Les associations de défense des droits de l'Homme présentes à la Foire du livre de Francfort accusent les géants de l'Internet comme Yahoo! et Google de collaborer avec la censure du gouvernement chinois pour mettre la main sur un marché en pleine expansion.

Les associations de défense des droits de l'Homme présentes à la Foire du livre de Francfort accusent les géants de l'Internet comme Yahoo! et Google de collaborer avec la censure du gouvernement chinois pour mettre la main sur un marché en pleine expansion.

«Je ne crois pas à cette théorie qui veut que la Chine seule décide des termes du marché», a affirmé Elke Schaefter, responsable de la section allemande de Reporters sans frontières (RSF), très critique à l'égard des deux géants Yahoo! et Google.

«Il est simplement faux de dire que la Chine est toute-puissante et que les sociétés étrangères impuissantes. Ce n'est pas une voie à sens unique», a-t-elle estimé lors d'un forum intitulé «Les bons amis de la Chine: sociétés occidentales entre business et collaboration», à l'occasion du rendez-vous mondial de l'édition qui se tient jusqu'à dimanche à Francfort (ouest de l'Allemagne).

Le moteur américain Yahoo! est notamment accusé d'avoir fourni au gouvernement chinois des informations concernant quatre opposants chinois, qui ont par la suite été jugés et condamnés.

Parmi eux, le journaliste Shi Tao a été condamné à 10 ans de prison pour avoir fait circuler, via son adresse Internet Yahoo!, une interdiction du gouvernement chinois aux médias nationaux de faire toute référence au 15e anniversaire du soulèvement de la Place Tiananmen en 1989.

Selon Michael Hanfeld, chef de rédaction dans le quotidien Frankfurter Allgemeine Zeitung, la Chine emploie 30 000 personnes pour scruter l'Internet à la recherche d'informations à censurer.

«La Chine ne prend pas la voie de la liberté de la presse. Au contraire, le monopole de l'information a grandi», a-t-il dit.

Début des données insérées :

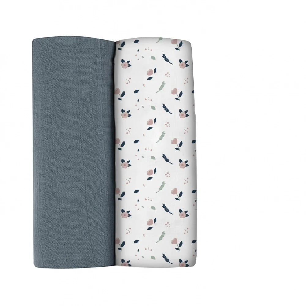 Lot de 2 langes 120cm gris stormy / flore printanière

Dans un rapport publié en août, l'association américaine Human Rights Watch dénonce les grandes sociétés Internet qui aident la Chine à rendre plus efficace son «Grand pare-feu», pour faire taire les voix discordantes sur le net.

Pour HRW, Yahoo! a censuré son moteur de recherche en chinois pour atteindre un niveau similaire à celui des sociétés Internet chinoises. Le moteur de Microsoft, msn, filtre quant à lui les mots-clés et les titres de blogues pour éviter d'afficher les sujets politiques sensibles.

Selon l'association américaine, Google s'est plié à la pression du gouvernement en lançant un moteur de recherche censuré alors que la version chinoise de Skype est configurée pour que les mots comme «Falungong», «indépendance de Taïwan» ou «droits de l'Homme» soient effacés des forums Internet sans en informer les internautes.

Une porte-parole de Google, qui détient environ 25% du marché chinois, soit près de 100 millions d'utilisateurs, n'a pas répondu à l'invitation des organisateurs. Mais le moteur s'est déjà expliqué sur la question, affirmant qu'il se pliait aux lois chinoises, comme il le fait en Allemagne ou en France.

«Je trouve que l'argument selon lequel "nous ne faisons que nous plier aux règles" est pathétique», a répondu Mme Schaefter.

«Nous ne savons pas ce qu'a demandé le gouvernement chinois à ces sociétés pour qu'elles s'implantent, cela reste un secret. Mais je pense que chacun peut décider de ce qui tient de l'éthique», a-t-elle ajouté.

Le président du PEN Club allemand, Johano Strasser, a estimé que la Chine utilisait le même argumentaire que les pays censurant ou tentant d'intimider ceux qui veulent exercer leur droit à la libre expression.

«Une société a besoin de ce système de "premier signal d'alarme" que l'on retrouve dans les contestations des citoyens de base. Si vous les empêchez de circuler, vous nuisez à la société sur le long-terme», a expliqué le président de l'association des écrivains allemands.

La Chine a plus que doublé la surface de ses stands à la Foire du livre de Francfort, dont elle sera l'invitée d'honneur en 2009.